Technologies enhancing shelf-life of commonly grown crop in Uganda include:

  • Use of botanicals (i.e. tobacco, tephrosia, tagetes) against bruchids;
  • Physical methods (i.e. solarisation, parboiling, salting) control of a broad spectrum of storage pests; solar and hybrid dryers for fruit and vegetables;
  • Drying structures (i.e. biomass-heated, racks/platform, cribs, mats) for cereals and legumes;
  • Storage structures (e.g. brick silos, improved traditional granaries) for durable multi-crop storage;
  • Pit and clamp for fresh sweet potato;
  • Moistened media (sawdust) for fresh cassava;
  • Shellers and threshers, graters and chippers (root and tubers); and local baking ovens.

    3. Soil Management for Sustainable Production Systems

    Recommendations for:

  • integrating organic and inorganic (fertilisers) nutrient sources to reduce costs and improve fertilizer use efficiency;

  • using available organic residues to supply nutrients to crops;

  • appropriate ways for handling and application of farm yard manure;

  • appropriate ways for preparing and applying composts;

  • incorporating biological nitrogen fixation into farming systems through use of grain legumes and cover crops (for green manuring) to increase nitrogen in cropping systems;

  • use of improved/shorter rest periods (fallows) that fit into the farming systems while improving or maintaining soil productivity.

    The country's production heavily depends on rain-fed agriculture with only 55,000 ha (1.2%) of the 4,600,000 ha of farmland being irrigated. FAO estimates that up to 50% of the potential crop yields in Uganda are lost annually as a result of moisture stress, yet strategic development of supplemental irrigation (other factors remaining constant) would increase overall productivity and yields by 50-70% while making it possible to crop the land 2-3 times annually.

    NARO has consequently developed water harvesting recommendations for different utilisation practices; NARO has developed recommendations for construction of contour bands, terraces, grass strips, trash-lines, stone-lines and other structures to manage soil and water to prevent erosion in different farming systems/agro-ecological zones.

    The process of developing comprehensive Agricultural Land Use Plans has been initiated on a pilot basis starting with the districts of Rakai and Mayuge which should lead to a more holistic approach to the management of land resources and better planning for the country.

    4. Horticulture technologies for a modernised and diversified agriculture

    1. Planting materials for the above and other fruits grown in the country.
    2. Improved propagation, nursery, and orchard management techniques have been developed and many agricultural staff and farmers have been trained in these areas.
    3. High yielding Kawanda passion fruit clones are being cleaned of viruses and multiplied, while collar rot resistant root stocks are being identified.
    4. Eight avocado varieties for local, export, and processing markets, and 6 mango varieties for high rainfall areas and more for the drier areas have been identified.
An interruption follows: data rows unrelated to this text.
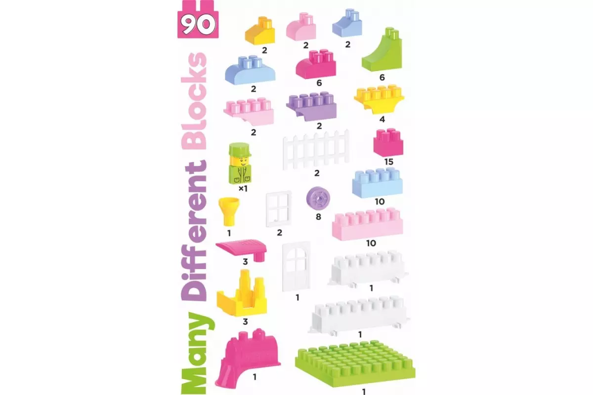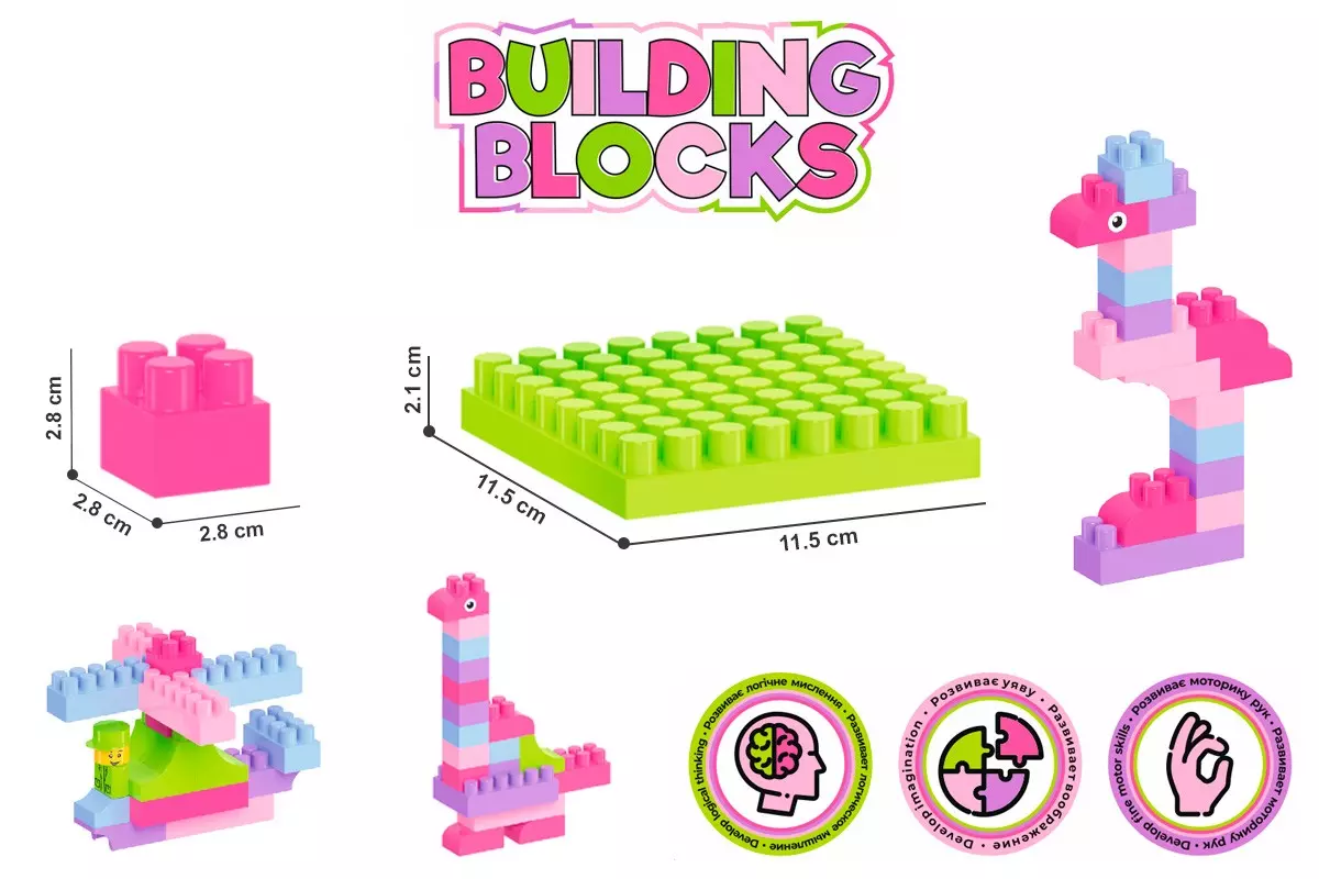 Конструктор – одна з найпопулярніших іграшок серед дітей різного віку. Адже це не тільки захоплива гра, а також корисне розвивальне та навчальне приладдя. Можна сконструювати автомобіль, будиночок, космічний корабель та вивчити додавання і дроби! У наборі 90 цікавих різноманітних деталей вишуканих рожевих кольорів, які так полюбляють юні принцеси. Цеглини зі зрізаними кутами та арками для кораблів чи потішних тваринок, парканчики, віконечка та двері для казкових замків. Нова велика пластина у конструкторах цієї серії — незамінний елемент для будиночків та інших архітектурних форм. Так помешкання для ляльки стає міцнішим, його легко переносити та зручно гратися. Платформи з колесами – взагалі знахідка. Можна збудувати автомобіль, потяг чи літак. А ще платформа стане в пригоді при конструюванні роботів. Фігурка "людини" та додаткові зображення "очей", нанесені методом тамподруку на фігурних елементах – цікава опція, яка додає "життя" конструктору. Зібрані рибки та фламінго відразу "оживають", з ними діткам цікавіше гратися та, особливо, розмовляти. "Конструктор ТехноК" відповідає всім вимогам безпеки, в елементів відсутні гострі краї та сторонній запах. Деталі мають яскравий колір, що не залишається на дитячих пальчиках. Цеглини приємні на дотик, легко складаються, водночас зібрана конструкція міцна та тримає форму. Кольорова покрокова інструкція є необхідністю, особливо коли дитина знайомиться з конструктором. Збираючи моделі згідно з інструкцією, малюки досліджують можливості конструктора та вивчають ази побудови базових фігур. Зручне пакування у валізі з прозорою кришкою неодмінно сподобається малюкам та батькам. Валіза – це також цікава іграшка, у якій можна перевозити конструктор та інші іграшки. Чим все ж таки корисні ігри з конструктором? Головна перевага цієї іграшки — це розвиток важливих навичок для повноцінного розвитку дітей. Конструювання з різних елементів розвиває дрібну моторику та допомагає тренувати координацію рухів. Також, батьки, граючись з дітками, вчать їх новим словам: назви кольорів, форм, тварин, будівель та транспорт. Складаючи цілу конструкцію, у дітей розвивається уява та просторове мислення. Захопливі ігри з конструктором виховують увагу, терпіння та посидючість. Граючись разом, дітки розвивають соціальні та комунікативні навички. Їм доводиться співпрацювати, обговорювати подальші кроки та домовлятися для розв'язання поставлених задач. Пробувати, експериментувати, помилятися та переробляти по новому. Ми вчимося через гру, створюючи щось нове, дізнаємося більше про себе та світ! У наборі 90 цікавих різноманітних деталей у валізі.
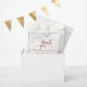 Estas hermosas bolsas de favores son una manera maravillosa de agradecer a sus invitados bodas. Presentan un diseño sencillo pero elegante con una caligrafía de escritura roja elegante y cuadros de encaje gris plateado en las esquinas. El texto dice: Gracias por Celebrar con nosotros, con espacio para sus nombres y la fecha de boda a continuación. Sencillas, elegantes y elegantes, estas bolsas favoritas le darán un toque de clase y elegancia a su celebración.
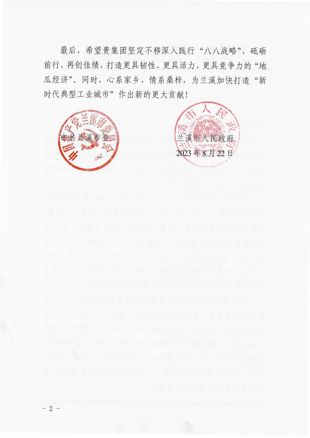 集團總部所在地蘭溪市委市政府特地發來賀信,稱贊紅獅集團“義利并舉、以義為先”的投資理念,積極承擔社會責任,參與改善當地公益事業,有力提升百姓福祉,樹立了蘭溪企業在海外的良好形象。同時鼓勵集團堅定不移深入踐行“八八戰略”,打造更具韌性、更具活力、更具競爭力的“地瓜經濟”,心系家鄉、情系桑梓,為蘭溪加快打造“新時代典型工業城市”作出新的更大貢獻!

Five citrus cultivars, three of which are seedless, and 2 pawpaw varieties for export have also been identified, and farmers have been trained on selection of female pawpaw seeds from the local pawpaws. Two apple and 2 pear varieties are being tested for production in the highlands.
    5. IPM options for the control of major fruit pests and technologies for post harvest handling of passion fruits are also available.
    6. Three bacterial wilt tolerant tomato varieties have been identified and more are being screened. Two okra and 2 hot pepper varieties are available for the export market. Rust resistant snap bean varieties are being tested.
    7. Recommendations for the control of major pests and diseases of vegetables in Uganda have been developed, and farmers have been and are being trained in the safe and effective use of pesticides.

Essential oil crops are grown and processed for their oils which are used as scents and flavours by cosmetic, detergent, pharmaceutical, and household insecticide industries, among others. One Geranium variety which produces oils acceptable on the export markets has been identified.